Findspot of two fragmented microbladelets along the northern slopes of Mount Bogdhanis at 2013m (GRG-131) and at 2052m altitude (top lago) respectively (photographs by P. Biagi).

General view of Vasilitsa (VSL) eastern upper slope, from which lithics of different ages have been recovered; the backed bladelet on the left is from VSL-16, the unretouched bladelet on the right from VSL-7δ (photographs and drawing by P. Biagi).

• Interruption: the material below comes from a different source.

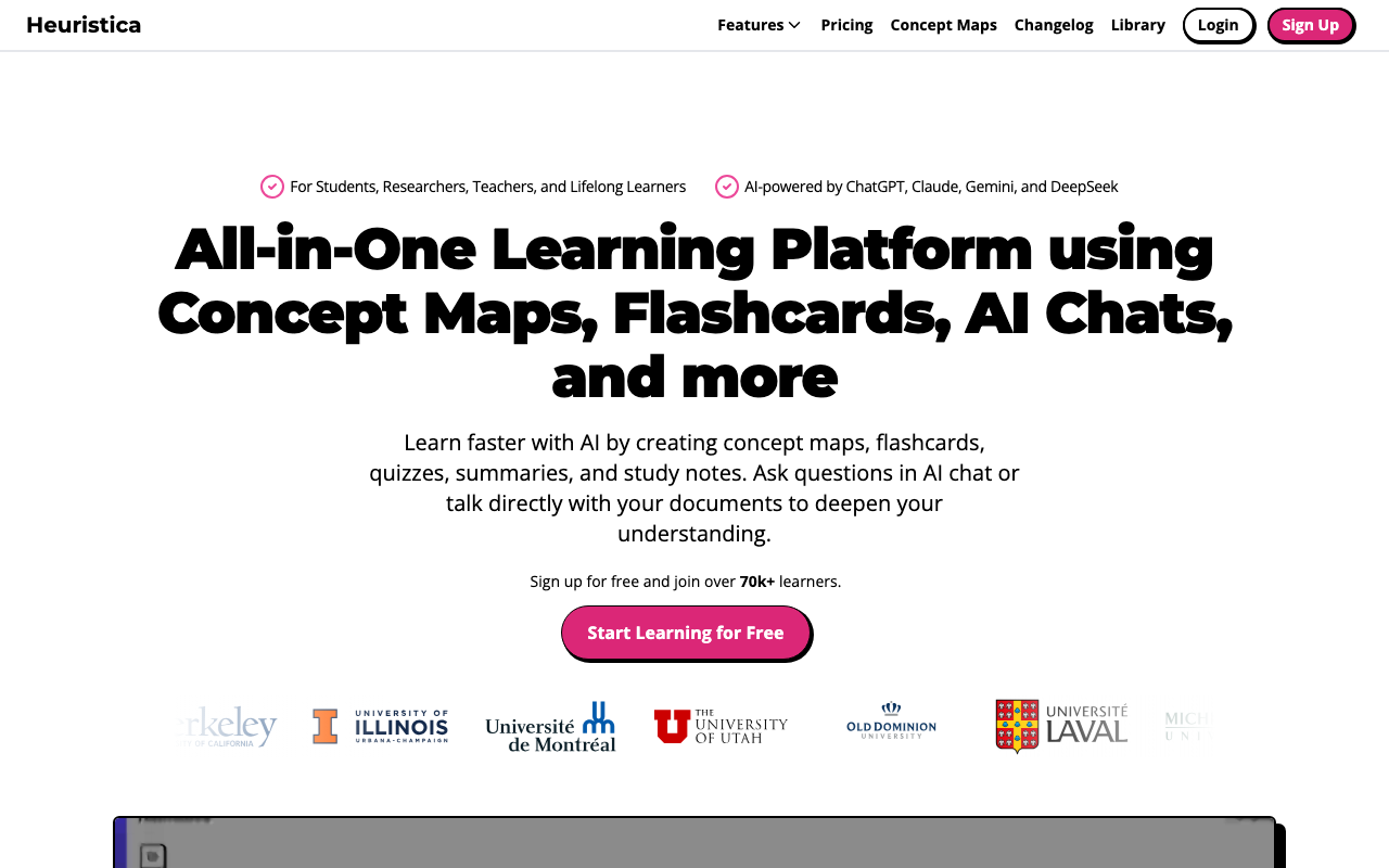 Heuristica es una herramienta de IA que ayuda en el aprendizaje, la investigación y el pensamiento creativo mediante mapas conceptuales visuales.

The small basin north of Samarina, photographed from the west; the orange dot marks the place where the microlithic backed point was recovered (HCF-2); Mount Kirkuri is in the background (photographs by P. Biagi and E. Starnini).

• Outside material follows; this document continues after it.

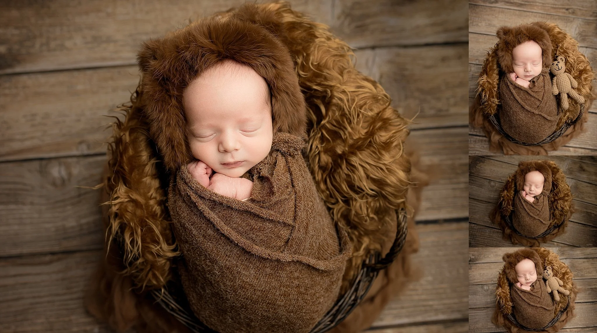 One of my favorite parts of the session was when Caleb transformed into a tiny brown bear! Wrapped in cozy brown layers and placed in a soft fur-lined basket, he looked every bit the cuddly little bear cub. I added a tiny crocheted bear for an extra sweet touch.
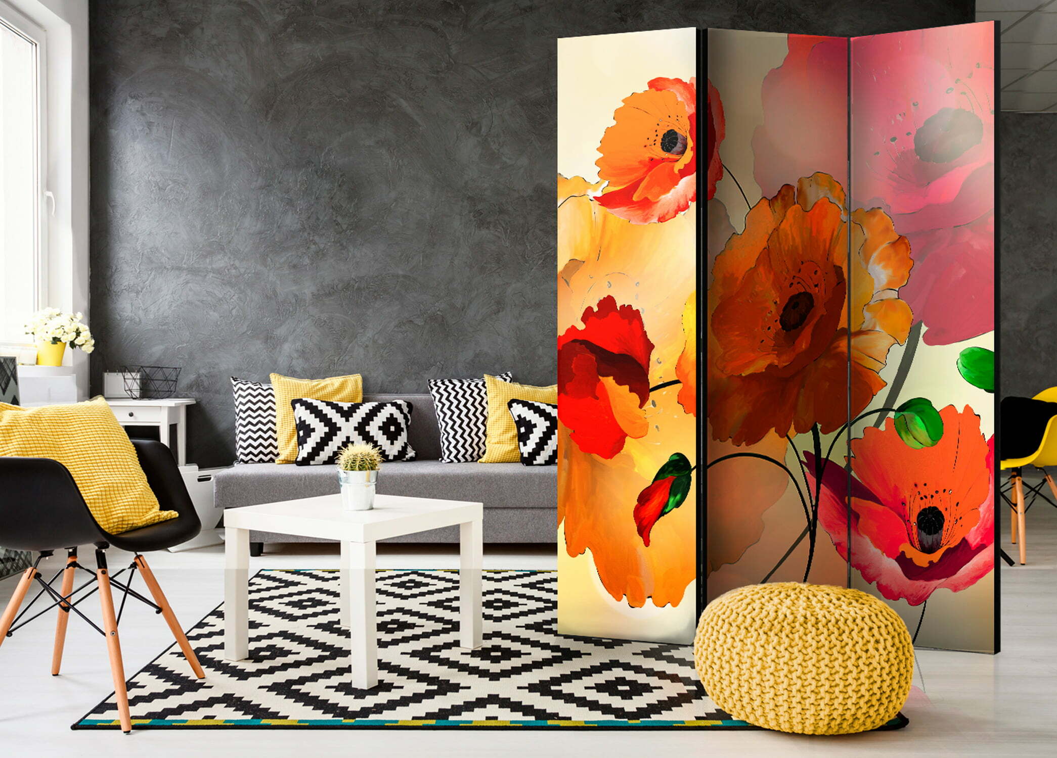 Dekoratives Paravent “Velvet Poppies [Room Dividers]” ist ein besonderes Schmuckstück für die modernen Inneräume. 3-teilig, hergestellt aus Holz und beidseitig bedrucktes Paravent teilt nicht nur diskret den Raum sonder kreiert auch in dem Raum ein fabelhaftes Arrangement. Perfekte Herstellung sowie originelle Motive in der Full HD Druckqualität verursachen, dass die Zimmerparavents jedem Raum einen einmaligen Charme verleihen. Die dekorativen Paravents für die Wohnung, dass ist mit Sicherheit eine originelle Idee für die Dekoration des Innenraumes. Es lohnt sich ihre praktische Anwendung zu erwähnen – die Zimmerparavents kann man z.B. zwecks der Kachierung des Wäschetrockners nutzen. Das Paravent ist eine sehr originelle Dekoration von Räumen, die man nutzen kann, sowohl in der Wohnung wie auch in einem Atelier z.B. im Friseursalon, Arztpraxis oder im Buchhaltungsbüro.

The recovery of a microbladelet-backed point of exogenous black flint, obtained by bipolar left retouch, is so far unique. The tool was collected from the surface of the northern shore of a small dry basin of glacial origin, located between the lowermost moraines, just to the north of Samarina, at an altitude of 1552m (HCF-2: Figure 6). This specimen is identical to a few other tools from Unit IV at Boïla rock-shelter in Epirus (Kotjabopoulou et al. 1999), radiocarbon-dated to the Preboreal period (RTA-3529: 9540±75 BP; Kotjabopoulou & Adam 2004). This discovery suggests that Early Mesolithic hunters reached the fringes of Mount Gurguliu around the beginning of the Holocene, possibly moving up from their Epirus base camps.
Discussion
The discovery of Late Palaeolithic and Early Mesolithic tools along watersheds that surround Samarina, and the slope of Mount Vasilitsa, improves our knowledge on the seasonal peopling of the high altitudes of the Pindus Mountains. They show that at the end of the Pleistocene, and the very beginning of the Holocene, groups of late hunter-gatherers moved across the favourable hunting landscapes of the alpine pastures above 1500m.
In contrast with the late Neanderthal bands that systematically exploited the abundant Samarina chert resources (Efstratiou et al. 2011), these hunter-gatherers carried with them good-quality flint nodules to produce their weapons. The presence of end scrapers and other tools, mainly bladelets, might indicate that they also performed other activities connected with hunting. Although the location of the allochthonous flint sources used for making the chipped stone tools recovered around Samarina is at present unknown, good-quality flint outcrops are known in the lowlands surrounding Lakes Ioannina and Kastorià. Future research will explore the exploitation of the above resources between the end of the Pleistocene and the Early Holocene in order to explain the provenance, and the movements of the Late Pleistocene and Early Holocene hunting communities of the Pindus Mountains.
Acknowledgements
The 2013 and 2014 fieldwork seasons were possible thanks to the financial support of the Departmental Archaeological Funds of Ca’ Foscari University, Venice. The authors are very grateful to the L’EPKA of Kozani and the Greek Ministry of Culture for granting the research permit to carry out the fieldwork. Special thanks are due to John Nandriş—who, in the 1970s, was the first to discover Palaeolithic tools in the region—for commenting on this paper.